If your servers are co-located, the database connection shouldn’t be horrifically slow unless you’re on a database-intensive app. Just my optimistic hope.

Your firewall will need to have the following IP ranges open:


#8

Regarding the code injection:

You can firewall the server so it only accepts connections from the CloudFlare networks. This helps to keep them away from your machine using the origin IP. What I’m not sure about is, if CloudFlare can prevent code injection which possibly happened due to a flaw in your app or code :thinking:

Were you able to find out how the code was added?

Running the database on a second server should not have an big impact to the performance. Most big websites are set up that way. Firewall -> (Load Balancer ->) Frontends -> Backends (DBs). As long as you don’t host them in different locations far away from each other :wink:


#9

Hello again,

Thanks for your comment, im sure the injection didn’t happen through the app but through the webserver and wordpress somehow since back then it was out in the open with no security or SSL etc. The current site is a lot different, but I don’t want it to happen again.

I thought maybe set up my own proxy server using another machine or maybe use Amazon cloudfront.

Do you know how to prevent code injection?


#10

Hard to say since there are a lot of ways

Hacked accounts
Vulnerable PHP versions
Flaws in the code base itself
Wrong file permissions
Since you mentioned WordPress: it’s also possible that the WP version was vulnerable or a plug-in.

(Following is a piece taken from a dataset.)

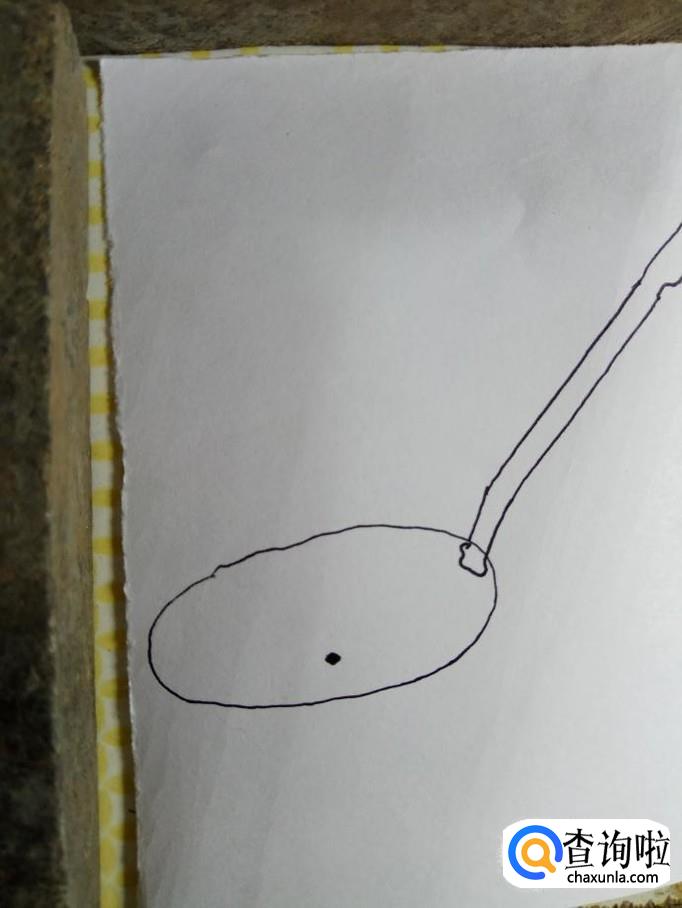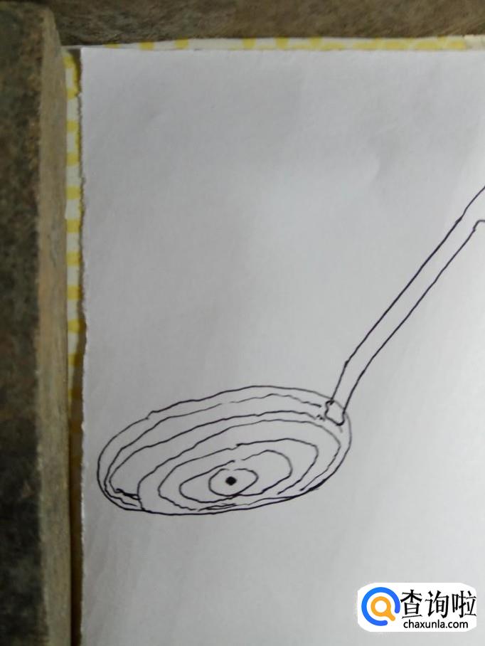 找到笊篱头部的中心位置,用一个小圆点来表示,因为是立体图形,所以小圆点并不在椭圆形的中间,而是稍向下偏一些。

And. So. On. Too many to list them all.

Just the basics:
Use strong passwords, keep your software up to date, check file or folder permissions twice, zero trust when installing stuff from the web. Even there’s a large community.

Regarding WordPress: have a deep look to the plug-ins you want to install. Ratings? Are they frequently updated? And so on.

As usual :wink:

A bit advanced:
Protect your (system) accounts with a 2nd factor wherever it is possible.

Duo Security is an enterprise class provider for 2FA. It’s free for personal use.
For example: You can protect your SSH server with a PAM module provided by Duo. Once installed, you must approve the SSH login via push message, with a code (generated with their app), SMS, or phone call.
The hard(ware) way: combine it with a Yubikey.


#11

If you’re running WordPress, I very strongly recommend that you install the Wordfence plugin. It does a super job of protecting your site and scanning for vulnerabilities and malware.


#12

This topic was automatically closed after 14 days. New replies are no longer allowed.